Je levai brusquement la tête. Je n'étais pas fou ? Elle se tenait là, la main tendue vers moi, son poisson clown de coton sous le bras. Elle reprit :

« On a quitté son bocal ? »

Non, je ne rêvais pas. Elle seule aurait pu dire cela. Je me levai et la serrai contre moi. Je l'avais fait. J'étais à Toulon avec Dory. Je la sentis sangloter contre mon épaule – elle n'avait jamais rattrapé ce retard de croissance.

« Je suis désolée. Il faut... il faut que je t'explique. »

Je lâchai l'étreinte. Elle baissa les yeux et se confia tout en triturant ses mains :

« Pearl... tu te rappelles ?

- Bien sûr. Répondis-je sèchement.

- Eh bien... Je ne l'ai jamais 'aimée'. »

A quel jeu est-ce qu'elle jouait ? Je l'avais bien vu la prendre par la main. Elle l'avait même présentée comme telle à Gary et moi. Face à mon silence elle reprit :

« J'arrivais pas à me défaire des souvenirs... Tu comprends ? Je te voyais partout, mais je voulais me détacher de tout ça, je savais que je ne rencontrerai jamais quelqu'un comme toi ! Et Pearl est arrivée et... elle m'aimait. C'est atroce, je sais, mais...

- Je ne t'en veux pas, l'interrompais-je pour la rassurer avant que les vagues de larmes ne franchissent ses paupières.

- Tu m'agaces ! répliqua-t-elle en riant. »

Elle passa sa manche sur ses yeux rougis par l'émotion. Soulagée, elle s'assit sur le sable à côté de moi. Le regard dans le vague, elle regardait les mouettes voler au loin.

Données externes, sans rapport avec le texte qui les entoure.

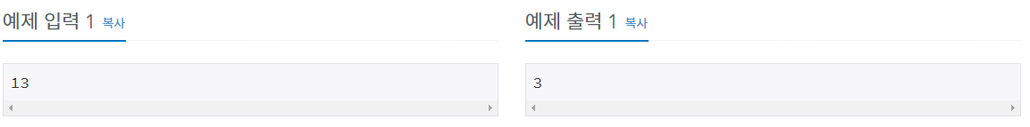 입력으로 주어진 방까지 최소 개수의 방을 지나서 갈 때 몇 개의 방을 지나는지 출력한다.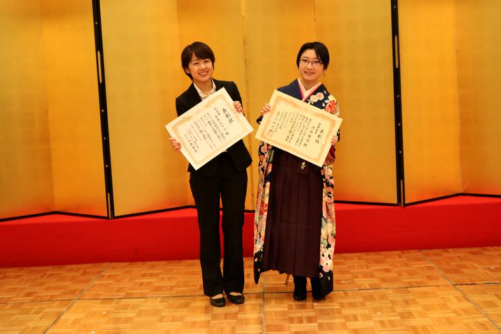 優秀な成績を修めた学生として、理事長賞をマンガ・アニメーション学科の河内 綾乃さん、校長賞をインテリアデザイン学科の長原 みずほさんが受賞しました。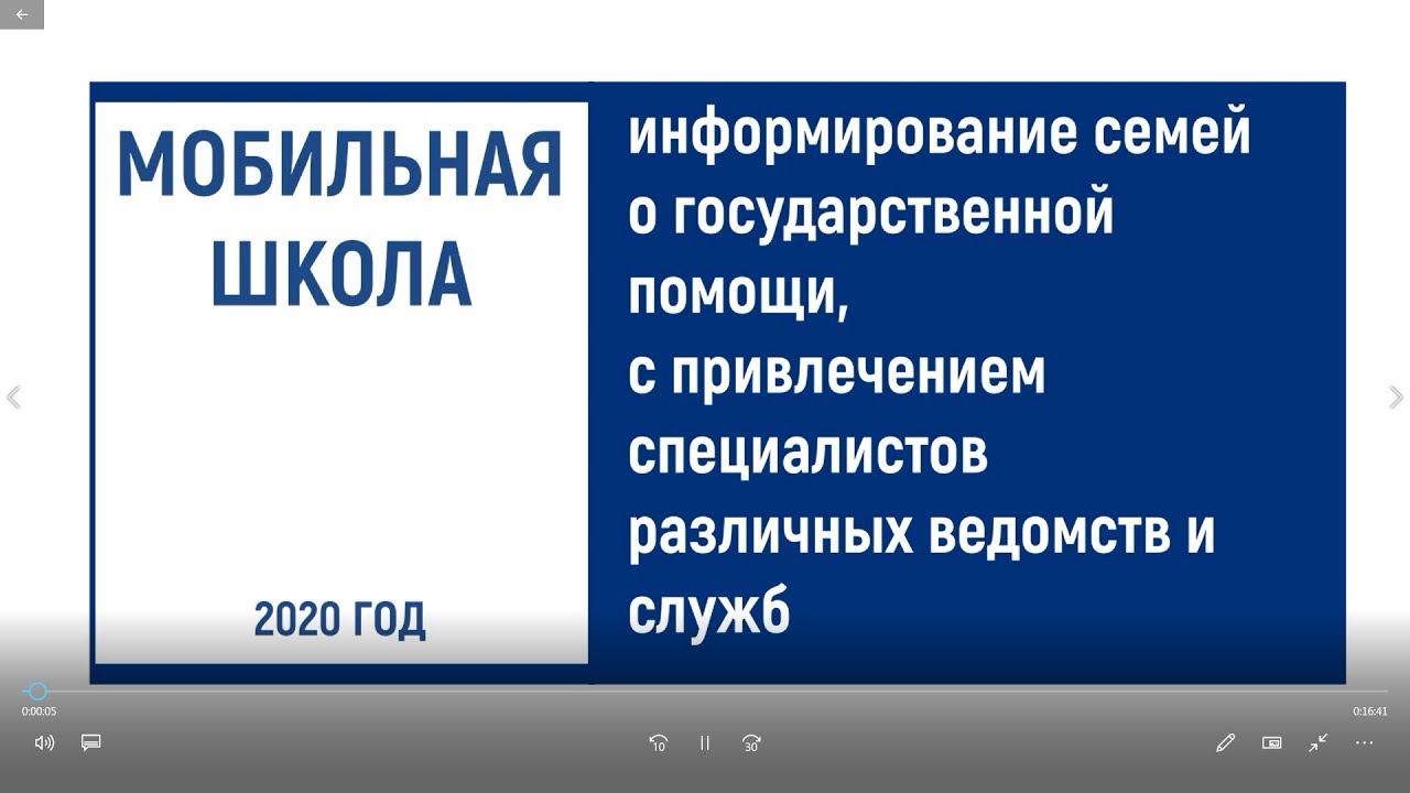 Информирование семей о государственной помощи, с привлечением специалистов различных ведомств и служб. В Приморском крае активно реализуется Комплекс мер по развитию эффективных социальных практик, направленных на сокращение бедности семей с детьми и улучшение условий жизнедеятельности детей в таких семьях. Одним из мероприятий данного комплекса мер является организация и проведение родительских собраний для родителей (законных представителей) несовершеннолетних "Мобильная школа"

Elle me demanda sans quitter des yeux le tableau :

« Et si on créait notre propre bocal ?

- Un bocal royal ou un bocal bancal, peu m'importe, du moment que nous y vivrons, ce sera le bocal idéal. »

Elle me sourit. Son sourire était si radieux. Ses lèvres rencontrèrent les miennes et je pus de nouveau goûter à l'océan et au soleil de l'été.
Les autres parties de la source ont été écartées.